If you’re not a card-carrying member of AARP, then this column probably isn’t for you, so just flip the page or click away and you’re welcome to come back in a couple of weeks and I’ll be here with open and ageless columnist arms.

This weekend I accepted a truth – one that I’ve resisted for many years in favor of a combination of denial and delusion. I am now “old.”

For context, I was born the same year as Kevin Spacey, the first Barbie Doll, Fred Couples, Lester Holt, Alaska (as a U.S. state), John McEnroe, Marie Osmond, the first paper copy machine (Xerox 914), Magic Johnson, Simon Cowell, Hawaii (as a U.S. state), and Jason Alexander.

You see, we’re all very, very old. For added dread, it was also the year “the music died” (plane-crash death of Buddy Holly, Ritchie Valens and The Big Bopper).

When you’re a kid, teenager or young adult in your twenties, the label “young” is constantly affixed to your identity. Then in your thirties and forties, you enter a somewhat vague life period where you’re not really young, and you’re not really old, and we call that middle age.

Now, I am an old man and I accept that reality.

For me, the transition from being carded in a bar or restaurant (which ended for me years ago) to now having to show my AARP card for the 10 percent discount at IHOP is fully complete. If life were a round of golf, I’m now playing the back nine and I’m fine with that. Who doesn’t enjoy a good pancake discount?

Until recently, I failed to grasp and accept my age in the context of mortality or relatively. Why? Because our society teaches us to resist the process of aging and the natural journey and destination associated with growing old. An adjunct truth is that we’re also deathly afraid of the unavoidable reality of death.

How can we respect the process (and result) of aging as a healthy and positive transition without treating and accepting death as a natural element of life itself? There is a clear correlation between societies that respect and care for their elders and those who also treat the inevitability of death with a healthy dose of practical acceptance.

In America we do neither well.

Instead of celebration and respect, we often denigrate and dismiss the “old” members of our society who have contributed the most and possess the greatest accumulated wisdom. Too often we worship the cult of youth as representing the value of vitality, and we dismiss the experiences and wisdom that can only be acquired through significant time, experience and insight born from an advanced age.

Like much of our disposable consumer economy, we tend to throw away things, including old people, when they stop serving what is considered useful value.

Years ago, broad participation in organized religion was much more common.

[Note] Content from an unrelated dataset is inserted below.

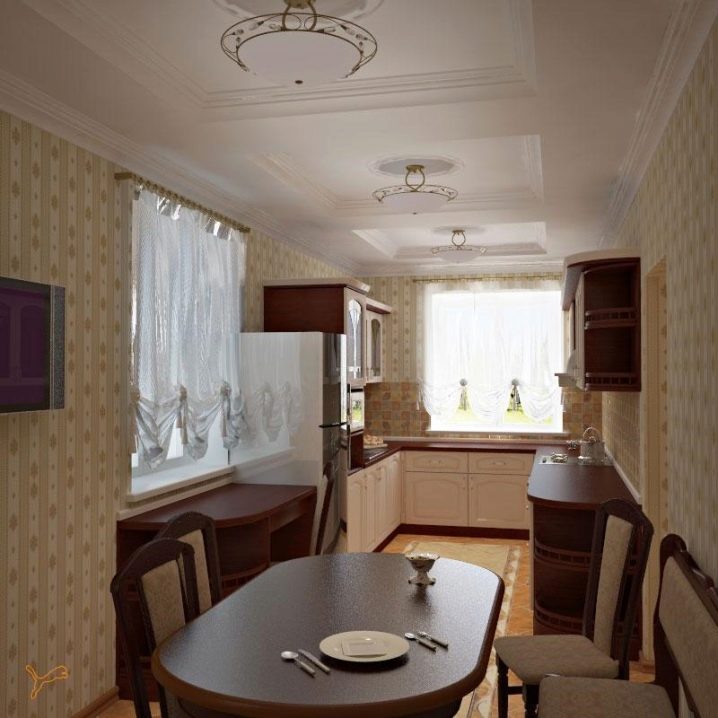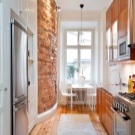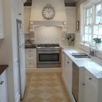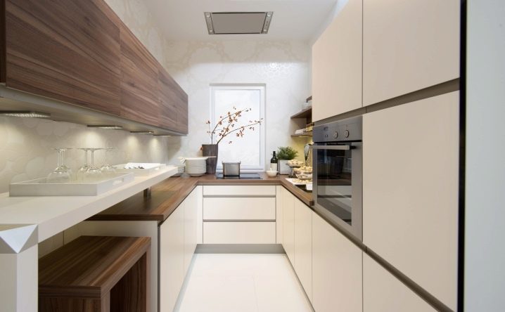 Ако ширината на кухнята позволява, тогава дизайнерите съветват да подредите мебели от двете страни на нея – интериорът ще изглежда по -хармонично с равномерно разпределение на мебелите и ще имате доста голяма работна площ.

Weekly services allowed people ages 9 to 90 to interact and connect in a meaningful way that created stronger multi-generational connections and emotional investments – with elder respect a natural byproduct.

Years ago, the nuclear family was a strong institution with typically closer geographic and extended family connections, where paternal and maternal elders were respected as family leaders, not as burdensome dependents.

Today, the demands of professional career mobility, often coupled with various multi-family configurations, serve to create physical distances for many families, with the senior members frequently connected by the weakest threads.

And even absent physical distance, the digital era also creates the challenge of genuine emotional connectivity versus the weaker brand of digital linkage that today’s generation favors.

To change these trends and truths we must first acknowledge them.

Let’s start with recognizing how Maine’s demographics as the oldest state in the country, coupled with our state’s massive size and lack of population density, combine to make our seniors particularly vulnerable in every dimension of life support: health services, financial insecurity, food insecurity, and basic shelter.

We need better public policy on the state level and within each community to insure that our older friends, relatives and neighbors are not forsaken and that they are afforded the respect and dignity that they’ve earned, and that they fully deserve.

An interesting phenomenon occurs every morning here in Maine and across the country. In virtually every community, dozens of retired folks, senior citizens and others that embrace the label of “old,” wake up, putter around the house, get dressed, and depart for their “morning place.” These places are coffee shops, local restaurants, and public facilities like libraries.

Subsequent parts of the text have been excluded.